Although North Korea possesses enough material for six to eight nuclear warheads, he said, the North is frustrated by its inability actually to deliver a warhead to a target. “They have the bomb but not much of a delivery system.,” he said. “That’s why these tests are so important.”

Hecker called on China to exercise pressure on North Korea to cease and desist. “China will say, ‘We want peace and stability,” he said, “but will they understand these provocations are threatening peace and stability?”

One theory is that the missile launch, timed for the centennial celebrations of the birth of North Korea’s founding leader Kim Il-Sung on April 15, is a show to buttress the power of his grandson, Kim Jong-Un, who took over after the death of Kim Jong-Il in December.

In an effort by Kim Jong-Un to assert himself on the home front, according to reports here, North Korea has mounted a purge of senior officials for showing signs of disloyalty during the mourning period after the funeral for his father.

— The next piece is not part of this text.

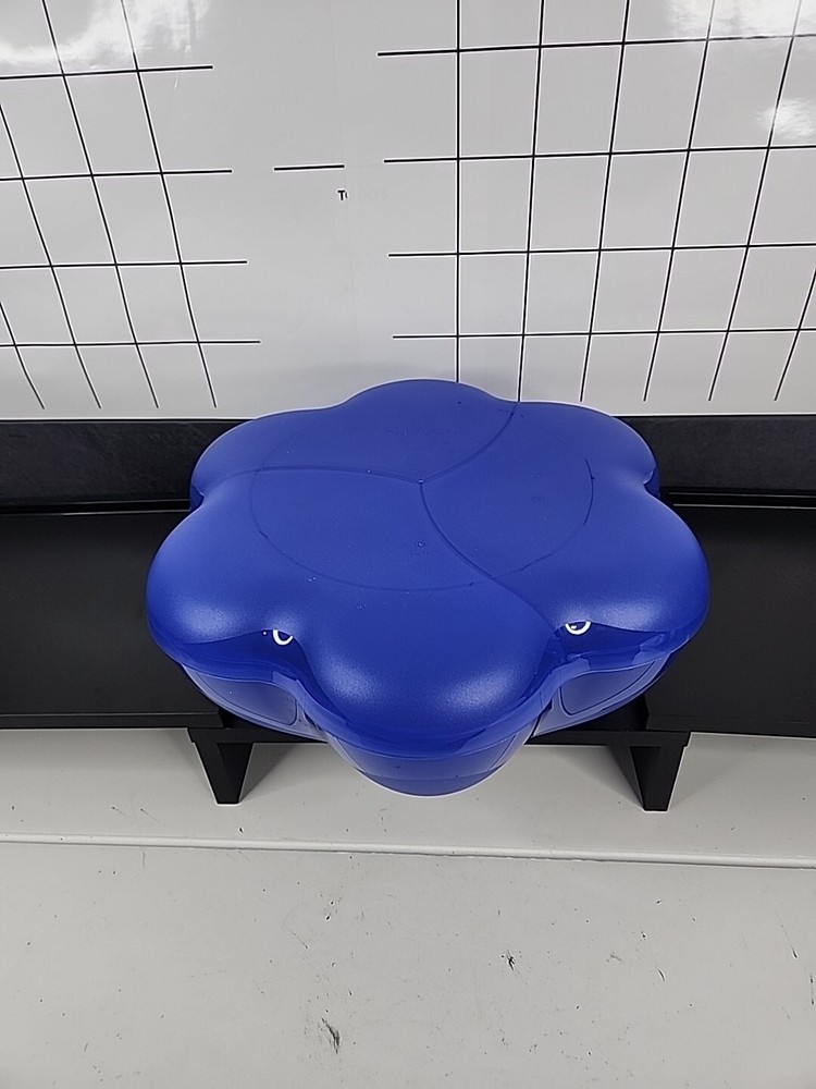The Tupperware XL Chip 'N Dip Bowl with Lid is a contemporary style tray featuring a round scalloped design with four compartments. This extra large bowl is made of plastic in a solid blue color, perfect for storing snacks and dipping sauces. The set includes a lid to keep your food fresh and organized. Ideal for teens and adults, this Tupperware bowl is a practical and stylish addition to any kitchen or home gathering. Made in the United States, this original Tupperware product is designed for free-standing use and features a cover lid for easy access.

The purge paralleled increasingly vitriolic rhetorical blasts leveled against South Korea while Kim Jong-Un visits military units closest to South Korean forces. He has been ordering soldiers to fire back “without hesitation” in order to “wipe out” President Lee, routinely described as a “traitor.”
An official with South Korea’s unification ministry said news of the killing of officials seen as not properly respectful are “plausible.” North Korea, said the official, “made it very clear that those who violated the mourning would be punished.”

South Korea’s biggest-selling newspaper, Chosun Ilbo, reported “a bloody purge” that saw “barbaric methods including mortar rounds used to execute high-ranking military officials”. The new leader, still in his late 20s, was credited with having ordered officials to “get rid of” dozens of officers and civilian officials. Those guilty of infractions ranging from intoxication to sexual harassment were also executed, said the report.

An assistant chief of the armed forces ministry was reported executed not by a firing squad but by a mortar round that tore his body to bits. Kim Jong-Un, according to the report, ordered execution by mortar round to leave “no trace of him behind, down to his hair.”

Experts questioned, however, whether Kim Jong-Un would have personally issued the orders, or whether he rubber-stamped suggestions from lower ranking officials.

“I doubt whether Kim Jong-Un directed everything completely,” said Kim Tae-woo president of the Korea Institute of National Unification and a noted military expert here. “Kim Jong-Un must be very careful” as he goes about establishing his control over military officers who are far older and more experienced.

“He wants to purge those generals standing in his way,” said Kim Tae-woo, but he would have to do so through the small clique of generals who see complete loyalty to him as the unquestioned leader as essential to their own survival and that of the regime.

Reports of a purge come as no surprise considering that Kim Jong-Il purged the ranks in his first two or three years after taking over from his father in 1994. Kim Jong-Un, however, is not believed to have nearly as strong a grip as his father — one reason he may believe that he has to get tough very quickly to wipe out the slightest sign of dissent.

In that spirit, Kim Jong-Un is believed to have placed his imprimatur on North Korea’s plan to launch the satellite, which the U.S. and South Korea are confident is a pretext for testing a missile with a range as far as the west coast of the United States.

“So what is Pyongyang up to,” asked Ralph Cossa, who runs the Pacific forum of the Center for Strategic and International Studies in Honolulu. “The North Koreans pulled the rug out from everyone” at a time when it appeared “safe to go back to six-party talks” on getting the North to abandon its nuclear program.

The talks, hosted by China, including the U.S., Japan, Russia and the two Koreas, were last held in Beijing December 2008. Now, to rev up the whole process, said Cossa, “It’s time for Beijing to stop empowering North Korea’s bad behavior.”